The silence that grows between you in the eternity of waiting for Perry to open his door is unbearable. Punctuated by your now slowed-down breathing and the irritating sound of Clark’s teeth grinding together, of his leg jumping up and down, of his fingers still digging into your wrist and the heat of his palm bleeding into your skin.
You’ve never been more thankful about the fact that you don’t sit next to him.
Just as you drop your mouth open to berate him about how he’s been holding on to you for too long, Perry’s door swings open. The person he was talking to leaves, ushered out by the man himself.
Clark takes a deep breath and stands up as soon as he sees Perry, tugging you along with him and beginning to mumble something about how you’re being unreasonable. Much to his dismay, you’re the one with a free hand. You smack that hand right over his mouth, cutting him off and sending Perry your most convincing don’t-fire-me smile.

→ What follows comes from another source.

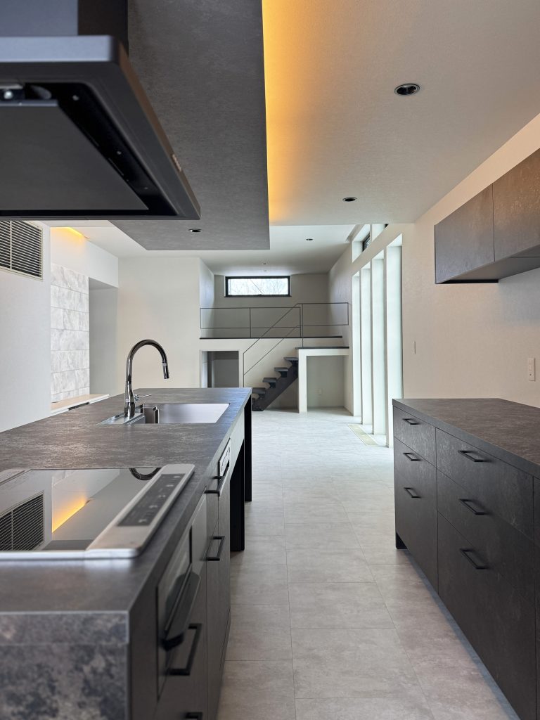 心地よさと実用性を追求したZEH住宅。車やバイクなど趣味のあるお施主様が思う存分暮らしを楽しめるインナーガレージ付きの平屋のお家が完成しました。広々としたガレージには、車だけでなくバイクや自転車・アウトドア用品なども収納可能。愛犬が心地よく過ごせるようこだわったドッグスペースも見どころです。インテリアカラーはグレートーンで統一し、モダンで落ち着いた大人な雰囲気にまとめています。

“I think Kent’s gone insane. Maybe you should fire him.”
Clark yanks his face away from your hand and growls out a, “What’s wrong with you?!” before he looks back at your shared editor-in-chief.
“Sorry, sir. Can we talk in your office for a moment? It’ll be quick.”
Perry sighs. Shuts his eyes so tightly that you’d think he was trying to squeeze them out of his own head, then turns around to walk into his office. He doesn’t tell either of you anything, but he leaves the door open.
Then, for the second time today, Clark Kent is dragging you somewhere that you don’t really want to go.